Note that I'm basically computing a vector sum product twice along one 
dimension, except not using T.dot but by doing an elementwise 
multiplication followed by T.sum. I'm doing this because I couldn't find a 
way to get the dot products I wanted in Theano (in plain Numpy, einsum 
would be the solution; see also my question here on StackOverflow 
<http://stackoverflow.com/questions/42766107/vector-dot-product-along-one-dimension-for-multidimensional-arrays>
).


Now it could very well be that what I'm doing is already the optimal way to 
approach this, and my slow sampling is just a consequence of having a 
rather complex model.
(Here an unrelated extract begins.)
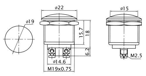 Przełącznik wandaloodporny; W12H21/C 12mm; bistabilny; 1NO1NC; miedziany; do lutowania; z wypukłym przyciskiem; 1A; 250VAC; IP65; IK08; żywotność: 50.000 cykli; temperatura pracy: -20~55°C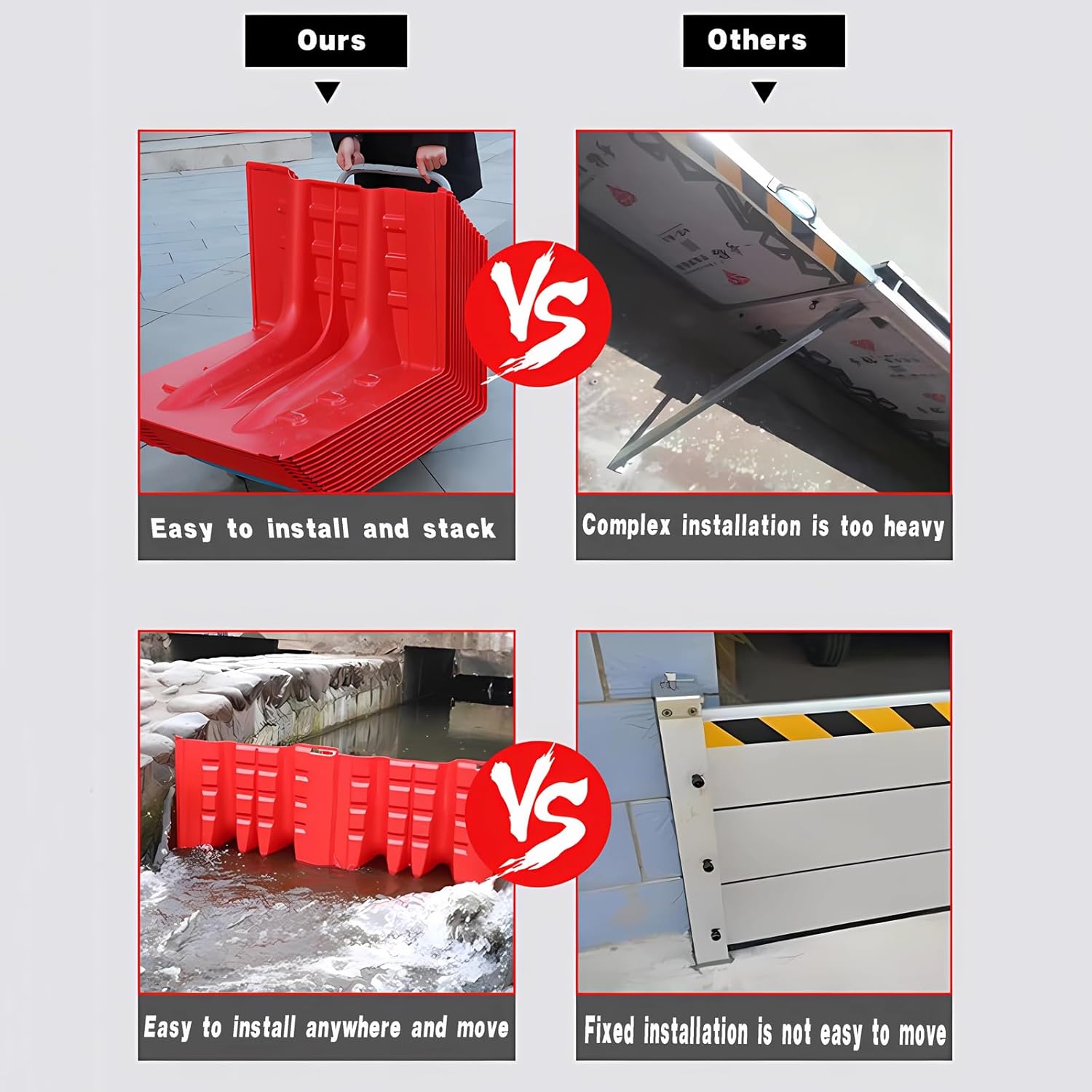 【Product Description】When flooding threatens, every minute counts. This L-shaped modular flood barrier kit gives you the edge, letting you build a solid water barrier at your doorstep in just minutes. Each panel is crafted from strong ABS plastic that clicks securely into place—no tools, no drilling, no delays.It’s designed for real-world use: fast to set up, easy to adjust, and tough enough to help keep your entryways dry during storms or drainage overflows. Whether you're protecting a garage, a basement entrance, or a warehouse threshold, this kit has you covered—and when the skies clear, it stores away neatly, ready for next time.【Specifications】Weight per panel: Approx. 3.3kgPanel lengths: 20.8" / 53cm, 26.7" / 68cm, 27.5" / 70cmMaterial: ABS plasticAssembly: No tools required – snap-fit modular systemInstallation area: Entryways, driveways, basement doors, garage thresholds

But I would hope that there is still some way to 
improve this, and would be very grateful for any tips anyone can offer.
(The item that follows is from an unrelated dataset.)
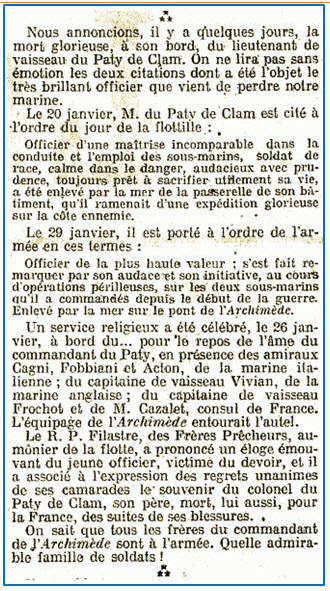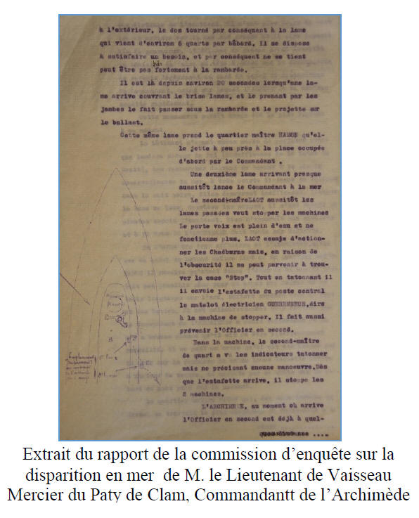 le Lieutenant de Vaisseau Mercier du Paty de Clam, Commandant de

The profiling summary is as follows:


Class --- <% time> <sum %> <apply time> <time per call> <type> <#call> 
<#apply> <Class name> 46.2% 46.2% 10.971s 2.74e-05s C 400764 42 
theano.sandbox.cuda.basic_ops.GpuElemwise 29.9% 76.0% 7.098s 3.72e-05s C 
190840 20 theano.sandbox.cuda.basic_ops.GpuCAReduce 7.2% 83.2% 1.699s 
1.48e-05s C 114504 12 theano.sandbox.cuda.blas.GpuDot22 3.8% 87.0% 0.911s 
4.78e-05s C 19084 2 theano.sandbox.cuda.basic_ops.GpuJoin 3.8% 90.9% 0.907s 
5.59e-06s C 162214 17 theano.sandbox.cuda.basic_ops.GpuFromHost 2.9% 93.8% 
0.700s 1.05e-05s C 66794 7 theano.sandbox.cuda.basic_ops.HostFromGpu 2.1% 
95.9% 0.501s 1.14e-06s C 438932 46 theano.sandbox.cuda.basic_ops.GpuReshape 
1.5% 97.4% 0.348s 1.46e-06s C 238550 25 theano.tensor.elemwise.Elemwise 
1.4% 98.7% 0.327s 3.43e-05s C 9542 1 theano.sandbox.cuda.blas.GpuGemv 0.4% 
99.2% 0.097s 9.28e-07s C 104962 11 
theano.sandbox.cuda.basic_ops.GpuDimShuffle 0.3% 99.5% 0.081s 1.06e-06s C 
76336 8 theano.sandbox.cuda.basic_ops.GpuSubtensor 0.2% 99.7% 0.042s 
4.35e-06s C 9542 1 theano.tensor.basic.Join 0.1% 99.8% 0.033s 8.62e-07s C 
38168 4 theano.tensor.elemwise.DimShuffle 0.1% 99.9% 0.019s 9.75e-07s C 
19084 2 theano.tensor.subtensor.Subtensor 0.1% 99.9% 0.015s 1.54e-06s C 
9542 1 theano.sandbox.cuda.basic_ops.GpuAllocEmpty 0.1% 100.0% 0.012s 
6.46e-07s C 19084 2 theano.compile.ops.ViewOp ... (remaining 0 Classes 
account for 0.00%(0.00s) of the runtime) Ops --- <% time> <sum %> <apply 
time> <time per call> <type> <#call> <#apply> <Op name> 24.7% 24.7% 5.860s 
6.14e-05s C 95420 10 GpuElemwise{mul,no_inplace} 17.6% 42.2% 4.173s 
1.09e-04s C 38168 4 GpuCAReduce{add}{1,1,1} 7.2% 49.4% 1.699s 1.48e-05s C 
114504 12 GpuDot22 4.1% 53.5% 0.974s 2.55e-05s C 38168 4 
GpuCAReduce{add}{0,1,0} 4.1% 57.6% 0.972s 2.55e-05s C 38168 4 
GpuCAReduce{add}{0,1} 3.8% 61.4% 0.911s 4.78e-05s C 19084 2 GpuJoin 3.8% 
65.2% 0.907s 5.59e-06s C 162214 17 GpuFromHost 2.9% 68.2% 0.700s 1.05e-05s 
C 66794 7 HostFromGpu 2.6% 70.7% 0.611s 6.40e-05s C 9542 1 
GpuElemwise{Composite{(i0 + (-scalar_sigmoid(((i1 + i2) + i3))))}}[(0, 2)] 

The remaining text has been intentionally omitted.